The TAR DNA-binding protein-43 (TDP-43) is a highly conserved 414 amino acid protein with an apparent molecular weight of approximately 43 kDa. TDP-43 was initially identified by localization within the nucleus and its ability to bind the HIV-1 TAR DNA element and in this role may act as a transcriptional repressor (Ou et al., 1995). More recently, studies have suggested TDP-43 may in fact function in RNA transcription and splicing of specific genes (Buratti & Baralle, 2008). Structurally, TDP-43 is composed of two RNA recognition regions followed by a glycine-rich C-terminal domain. The RNA recognition regions are thought to mediate RNA binding as well as protein-protein interactions (Buratti & Baralle, 2001). In contrast, the C-terminal domain of TDP-43 does not bind RNA but appears necessary for modulation of splicing (Buratti et al., 2005). In addition, previous studies have shown that the C-terminal region of TDP-43 is critical for the correct nuclear distribution of this protein (Ayala et al., 2008). This may be of particular importance in neurodegenerative TDP-43 proteinopathies in which a critical feature is the presence of cytoplasmic C-terminal fragments of TDP-43 that have the ability to aggregate (Igaz et al., 2008, Winton et al., 2008). Therefore, although TDP-43 originally was thought to function in the nucleus in relative anonymity, research in the last few years has indicated a direct link between certain neurodegenerative disorders and the presence of cytoplasmic inclusions of TDP-43.

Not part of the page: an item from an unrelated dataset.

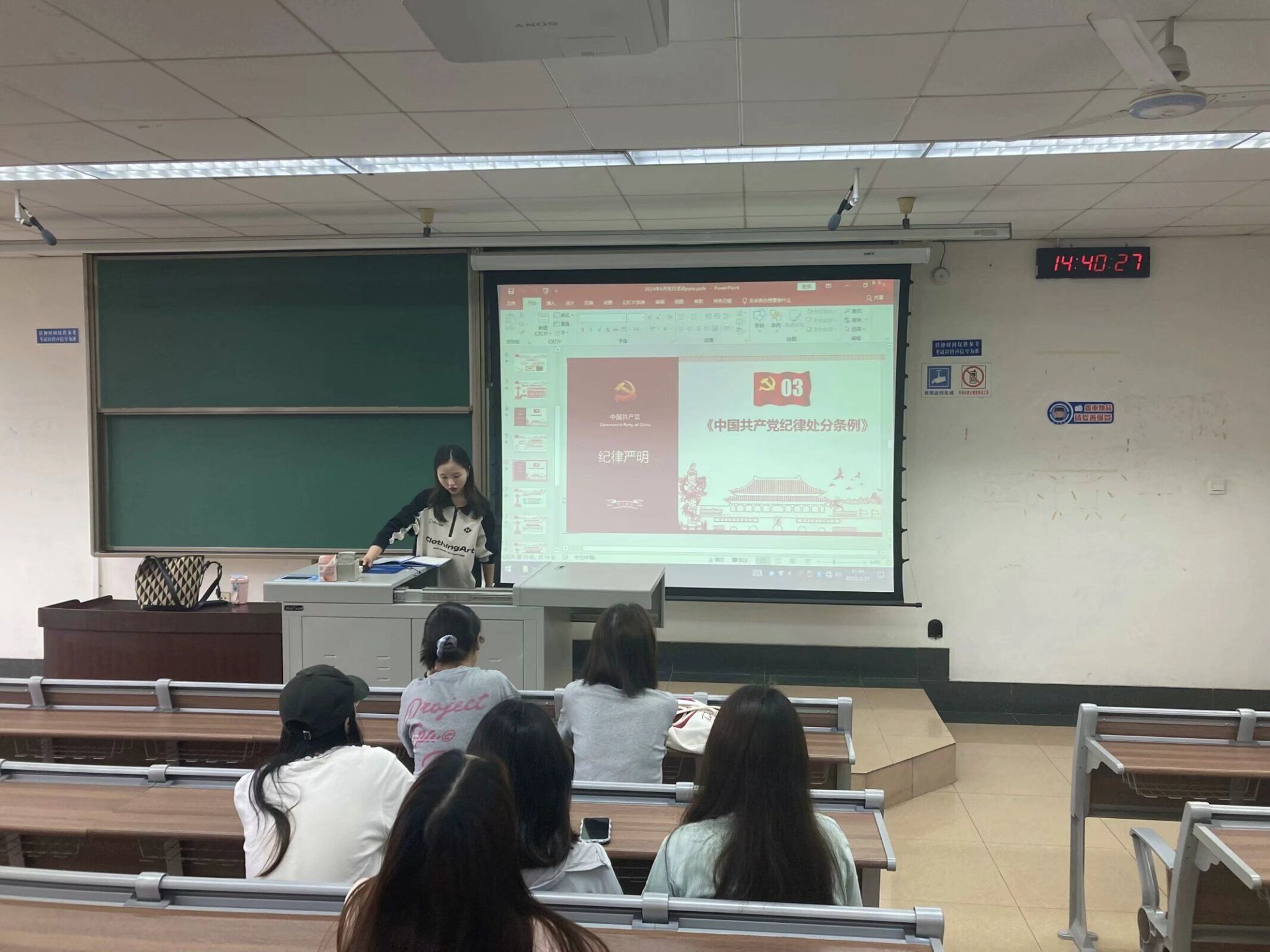 会议主要从学校思政课教育方面建设、五四青年寄语和《中国共产党纪律处分条例》三个面反进行讲解。十八大以来,党中央始终坚持把学校思政课建设放在教育工作的重要位置,党对思政课建设的领导全面加强,各级各类学校社会主义办学方向更加鲜明,思政课教师乐教善教、潜心育人的信心底气更足,广大青少年学生“四个自信”明显增强、精神面貌奋发昂扬,思政课发展环境和整体生态发生全局性、根本性转变。习近平强调,新时代新征程上,思政课建设面临新形势新任务,必须有新气象新作为。今年是新中国成立75周年,是五四运动105周年。新时代新征程上,全国各族青年听从党和人民的召唤,在科技创新、乡村振兴、绿色发展、社会服务、卫国戍边等各领域各方面勇当排头兵和生力军,展现出自信自强、刚健有为的精神风貌。党中央对广大青年充分信任、寄予厚望!

In a seminal study by Neumann et al., TDP-43 was linked to FTLD-U and ALS following an immunological approach to isolate the protein (Neumann et al., 2006). Their rationale was based on part of other insoluble proteins that have a propensity to aggregate as what occurs for beta-amyloid in AD. Isolating high-molecular weight proteins from FTLD-U and ALS subjects followed by immunization, resulted in the generation of antibodies that were then used to further screen brain extracts from affected subjects. Following an exhaustive analysis, TDP-43 was identified in inclusions in all 53 cases of FTLD-U tested as well as in 18 cases of ALS (Neumann et al., 2006). Further confirmation that TDP-43 is a major player in these newly classified TDP-43 proteinopathies was the discovery of mutations of TDP-43 in familial and sporadic forms of ALS (Kabashi et al., 2008, Rutherford et al., 2008, Sreedharan et al., 2008). Interestingly, all of the TDP-43 mutations to date are dominant, suggesting that mutant TDP-43 causes neurodegeneration through a toxic gain of function rather than a loss of normal protein function.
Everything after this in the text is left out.